High Court Of Madras

M.G. Pictures (Madras) Ltd. vs. Assistant Commissioner Of Income Tax

Sections 40A(3), 158BC, 158BH

V.S. Sirpurkar & C. Nagappan, JJ.

Tax Case No. 231 of 2000

24th April, 2003

Counsel Appeared

V.S. Jayakumar, for the Appellant : T. Ravikumar, for the Respondent

JUDGMENT

V.S. Sirpurkar, J. :

This appeal is directed at the instance of the assessee against the order passed by the Tribunal, Madras “B” Bench. It seems to have been admitted for motion hearing on the basis of the following substantial questions of law :

“1. Whether, on the facts and in the circumstances of the case, the Tribunal is correct in holding that the amended provisions of s. 40A(3) is not applicable to the facts of the case and that the entire amount added has to be sustained and not only 20 per cent of the amount paid ?

2. Whether, on the facts and in the circumstances of the case, the Tribunal was right in holding that theamendment to the provisions of s. 40A(3) is not a procedural one but a substantive one ?”

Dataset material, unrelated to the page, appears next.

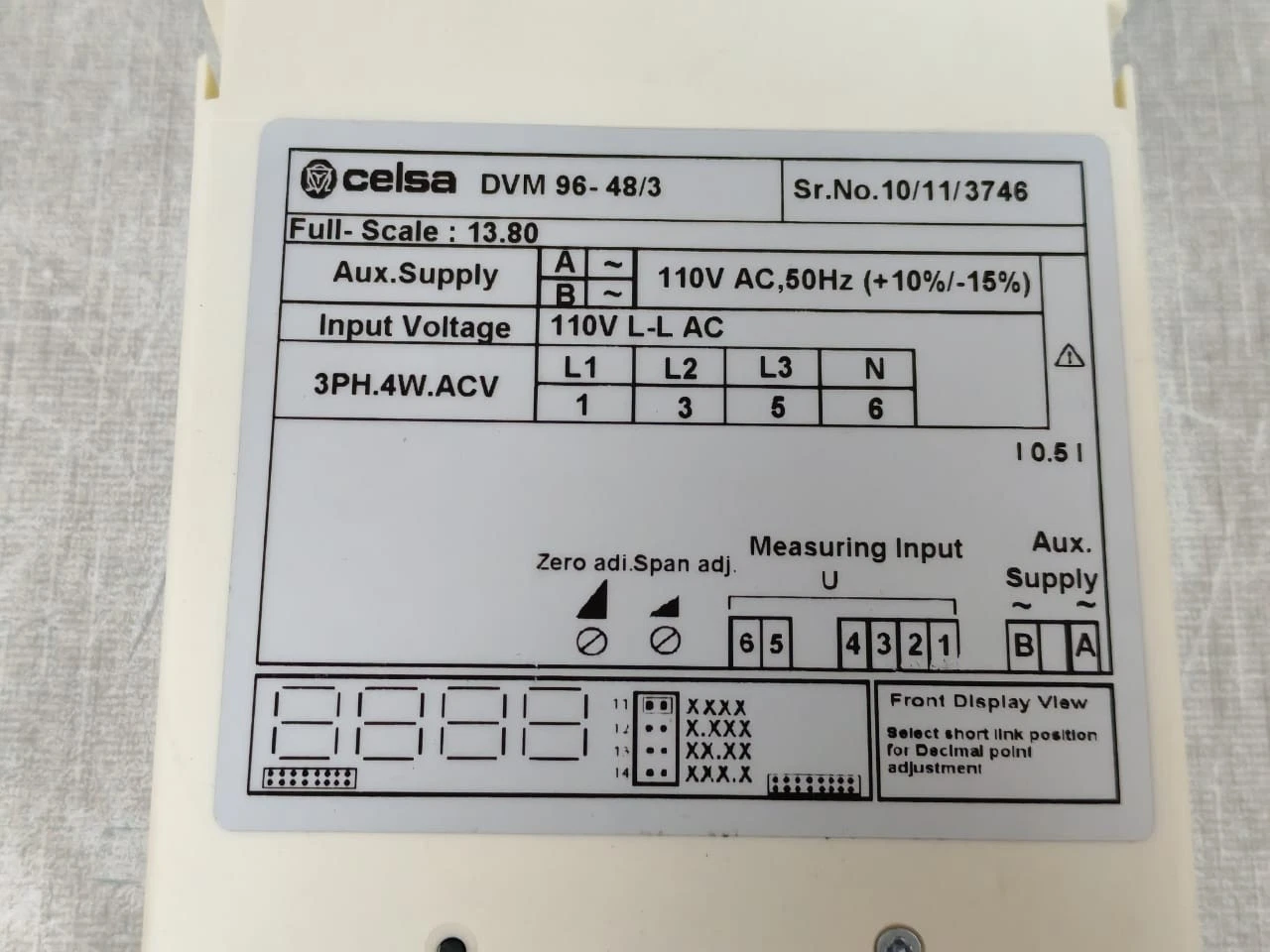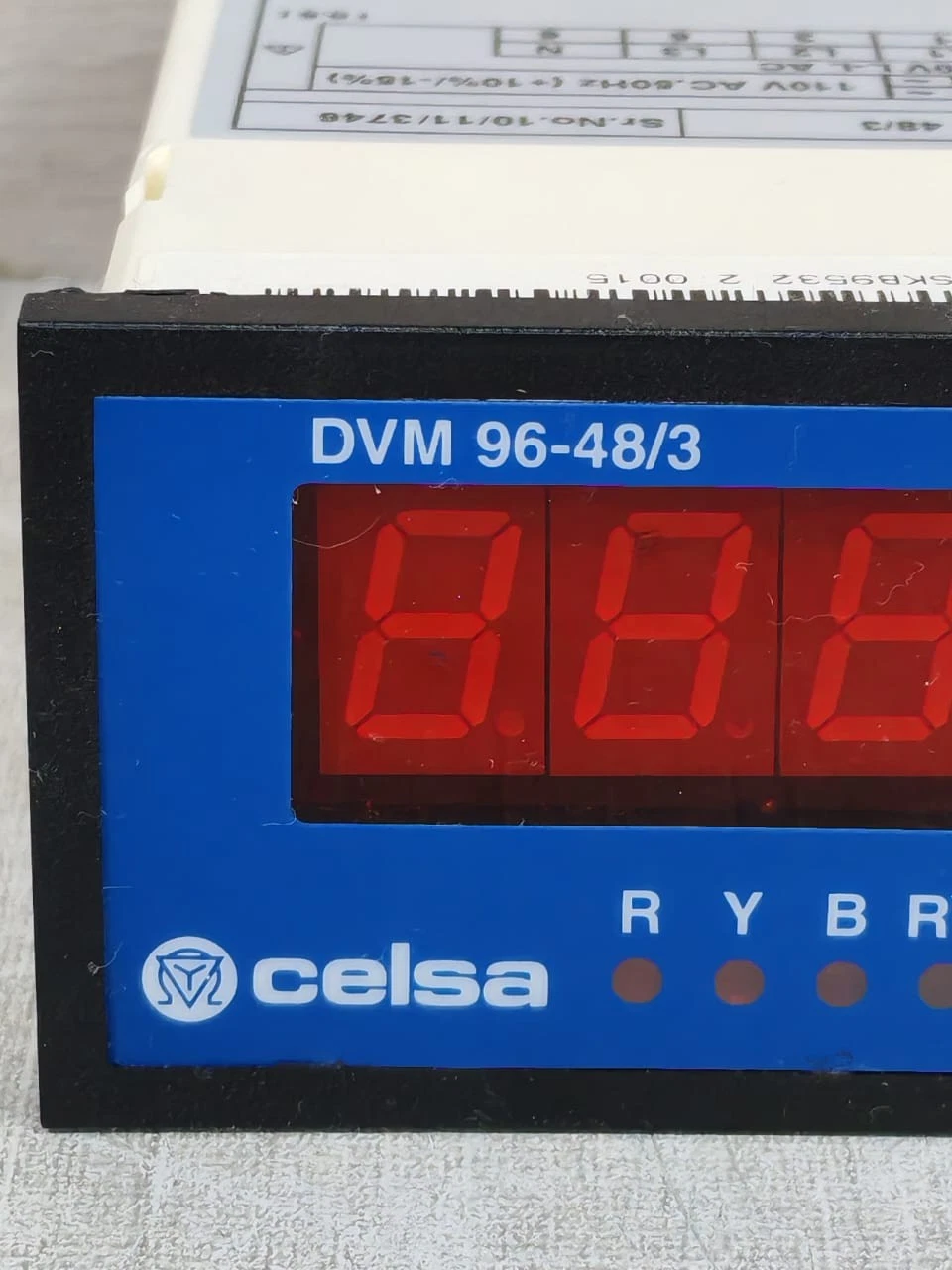 CELSA DVM 96-48/3 DIGITAL PANEL METERS 110VAC – NEW W/ FILTHY BOX

The following facts would be necessary to appreciate the controversy involved. The assessee-company, which was incorporated on 9th Dec., 1992, is engaged in production and distribution of motion pictures mainly in Tamil language. There was a search under s. 132 of the IT Act at the business premises of the assessee on 13th Sept., 1996, during which, certain books of account and documents were found and seized. Till the date of search, the assesseecompany had produced five Tamil films and distributed a few Hindi films. In this search, a number of notebooks were seized which were in the form of cash book and ledger. They were in respect of three films produced. It was apparent that the assessee had maintained another set of books for income-tax purposes and from the books which were seized, it was apparent they were in respect of production of some films for which payments were made to the artists, technicians, etc., and other expenditure made including the shooting expenses. The payments were made out of the cash recorded in the names of M.G. Sekar, S. Santhanam and G. Vijayakumar, who are the directors in the assessee-company. A notice came to be issued under s. 158BC of the IT Act. In response, the assessee filed its return income for the block period suggesting that the “undisclosed income” was “nil”. Questionnaires were issued and written submissions were also filed along with the answers. The statements of a number of persons were recorded. All the particulars were given by supplying copies of the statement and also by giving copies of the documents which were asked for by the assessee. The block period under Chapter XIV-B is between 1st April, 1986, and 31st March, 1996, and 1st April, 1996, and 13th Sept., 1996.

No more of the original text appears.